_DATASET RECORDS_
=====
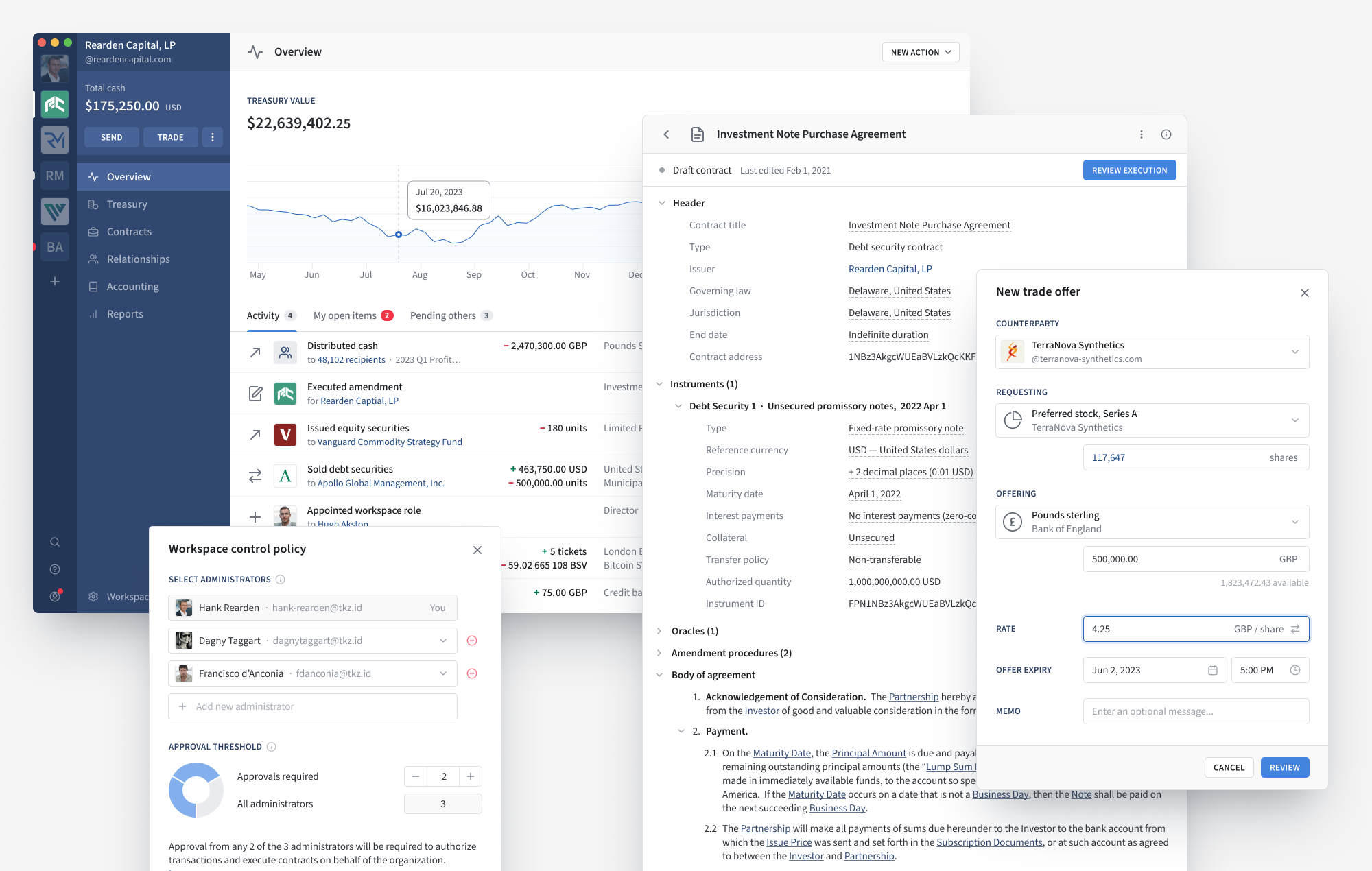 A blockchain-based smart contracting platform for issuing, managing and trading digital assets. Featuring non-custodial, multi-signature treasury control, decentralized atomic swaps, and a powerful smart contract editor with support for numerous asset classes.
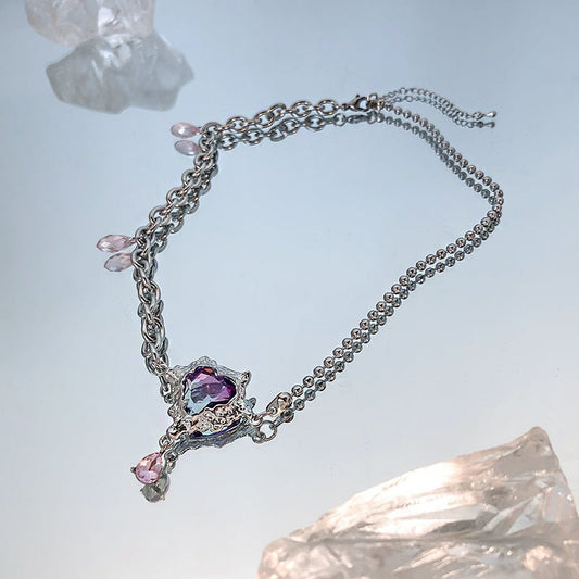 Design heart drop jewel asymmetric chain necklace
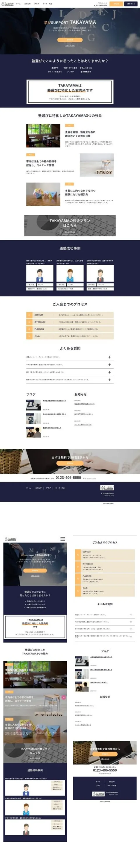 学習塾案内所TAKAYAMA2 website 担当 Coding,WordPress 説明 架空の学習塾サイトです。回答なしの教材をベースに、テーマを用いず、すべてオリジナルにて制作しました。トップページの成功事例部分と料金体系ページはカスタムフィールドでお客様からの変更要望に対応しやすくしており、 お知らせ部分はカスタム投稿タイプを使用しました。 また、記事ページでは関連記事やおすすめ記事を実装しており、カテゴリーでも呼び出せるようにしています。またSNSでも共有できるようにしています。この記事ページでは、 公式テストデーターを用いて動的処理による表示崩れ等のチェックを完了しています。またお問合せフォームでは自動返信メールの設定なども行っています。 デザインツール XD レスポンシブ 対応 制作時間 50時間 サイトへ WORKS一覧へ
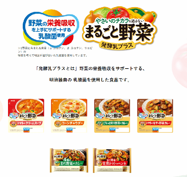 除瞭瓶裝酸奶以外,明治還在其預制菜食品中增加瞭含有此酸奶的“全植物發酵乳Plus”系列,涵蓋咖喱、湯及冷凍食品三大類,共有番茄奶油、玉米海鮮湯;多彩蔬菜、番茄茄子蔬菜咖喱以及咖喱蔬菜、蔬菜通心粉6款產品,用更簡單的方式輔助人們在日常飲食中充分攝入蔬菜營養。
=====
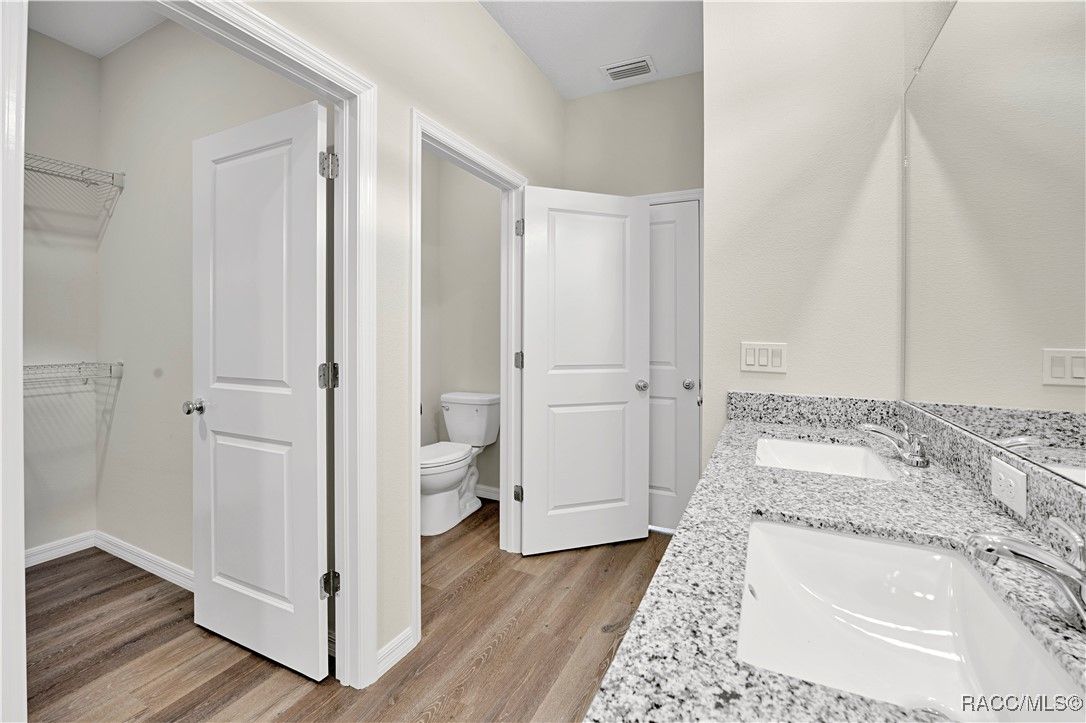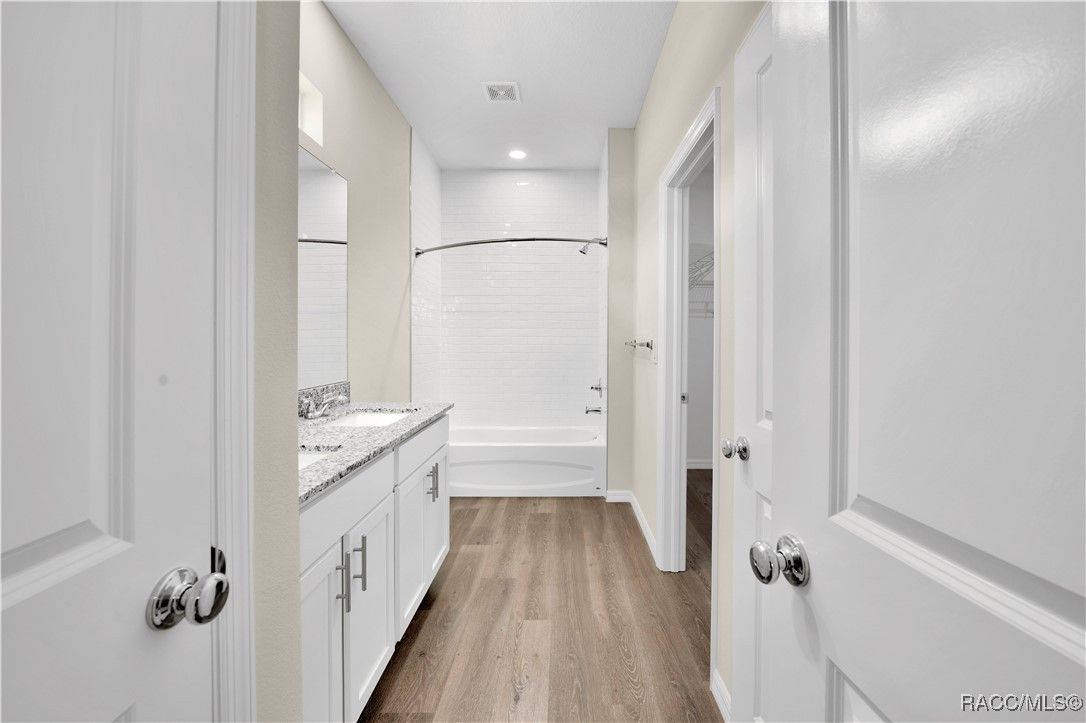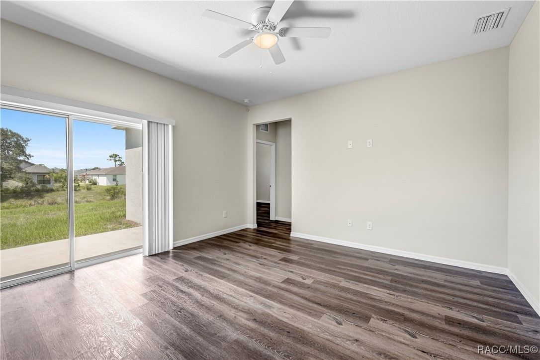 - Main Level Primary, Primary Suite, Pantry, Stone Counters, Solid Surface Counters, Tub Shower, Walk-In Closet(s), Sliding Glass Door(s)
=====
_WORK TASK_
Using the records above, print exactly the lines between the ones containing "A blockchain-based smart" and "Design heart drop", inclusive, and nothing else; no pictures.

_COMPLETED TASK_
 A blockchain-based smart contracting platform for issuing, managing and trading digital assets. Featuring non-custodial, multi-signature treasury control, decentralized atomic swaps, and a powerful smart contract editor with support for numerous asset classes.
 Design heart drop jewel asymmetric chain necklace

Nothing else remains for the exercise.